A while ago the GO-EUC website was moved from WordPress to Github pages and apart from some style changes you, the audience, should not have noticed much from that change. But one of the primary drivers to move away from Wordpress had everything to do with performance. Over time the GO-EUC website became slower and slower.
Whilst no quantitative tests were performed to validate this, it was getting more and more apparent. Because we never dove into the specifics and the data behind the observations that it had become slower, it was just an opinion. And without data, you’re just another person with an opinion.
Recently there was a similar exercise done for another community initiative called TeamRGE, where Ryan and I are both a member of, and this time data was collected. Data we thought would be interesting to share along with the data collecting process.
More info on TeamRGE can be found on their new website: https://www.teamrge.com
One of the pioneers of computer interaction studies was Robert B. Miller. In the 1960s he wrote an article titled ‘Response time in man-computer conversational transactions’: Response Time in Man-Computer Conversational Transactions
The literature concerning man-computer transactions abounds in controversy about the limits of “system response time” to a user’s command or inquiry at a terminal. Two major semantic issues prohibit resolving this controversy. One issue centers around the question of “Response time to what?” The implication is that different human purposes and actions will have different acceptable or useful response times.
A response time of one tenth of a second is viewed as instantaneous, a response within 1 second is fast enough for users to feel they are interacting freely with the information. The upper limit of the response times should stay below 10 seconds to keep the user’s attention focused.
Millers research concludes that for effective communication a response should be presented to the end user within two seconds after the end user started the request.

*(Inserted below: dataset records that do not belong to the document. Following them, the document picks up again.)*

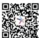
昆明市五华区武成小学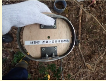
②ワイヤーを根付けし、踏み板にワイヤーをセット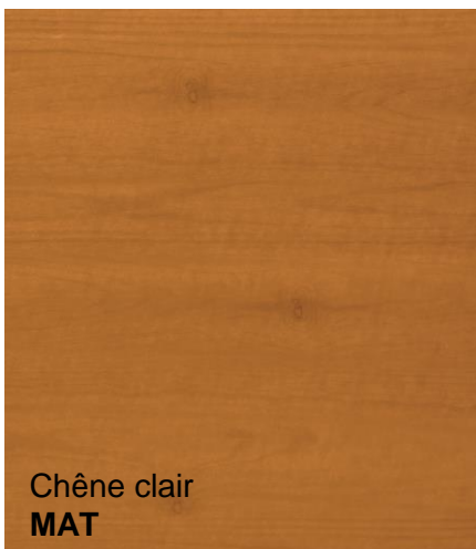
Chêne clair MAT

This 2 second response time was viewed as the ideal response time by Miller.
Just like performance is linked very closely to end user experience in End User Computing, this also holds true for websites, whether they are internal websites like Microsoft Sharepoint or the GO-EUC website for example.
As expected, because this was a different kind of research this also meant a different setup because the standard testing methodology didn’t apply here.

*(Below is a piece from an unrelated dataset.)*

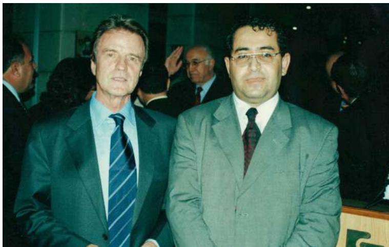
سالی ۲۰۰۳ له‌گه‌ل بېرنارد کوشنهر وه‌زیری دهره‌وه‌ی فره‌نسا

For this research the GO-EUC lab was not used, and instead all of the tests were conducted from my personal workstation: a Dell XPS 13 2020 model with a Intel Core i7 1065G7 processor and 16GB of memory running Windows 10 Pro 20H2.

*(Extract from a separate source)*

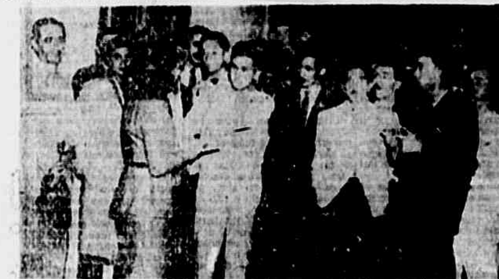
Trabalhadores do Lóide, quando falavam à redatora

For the webbrowser, Chrome 64-bit version 88.0.4324.190 was used, which was the latest version available at time of testing.
As mentioned in previous GO-EUC researches, as a general rule it would not be advisable running tests from a personal device because we cannot rule out any outside influence here. For example I had Teams running and Defender ATP was still turned on, which all could influence the results.
However, because the focus is on the comparison between the two scenarios and both tests are performed on the same machine under the same conditions, and both tests were done relatively quickly after each other, the variances between the two tests should not have a significant influence on the overall results.
In order to simulate the tests, a custom Python script in combination with the Selenium framework is used.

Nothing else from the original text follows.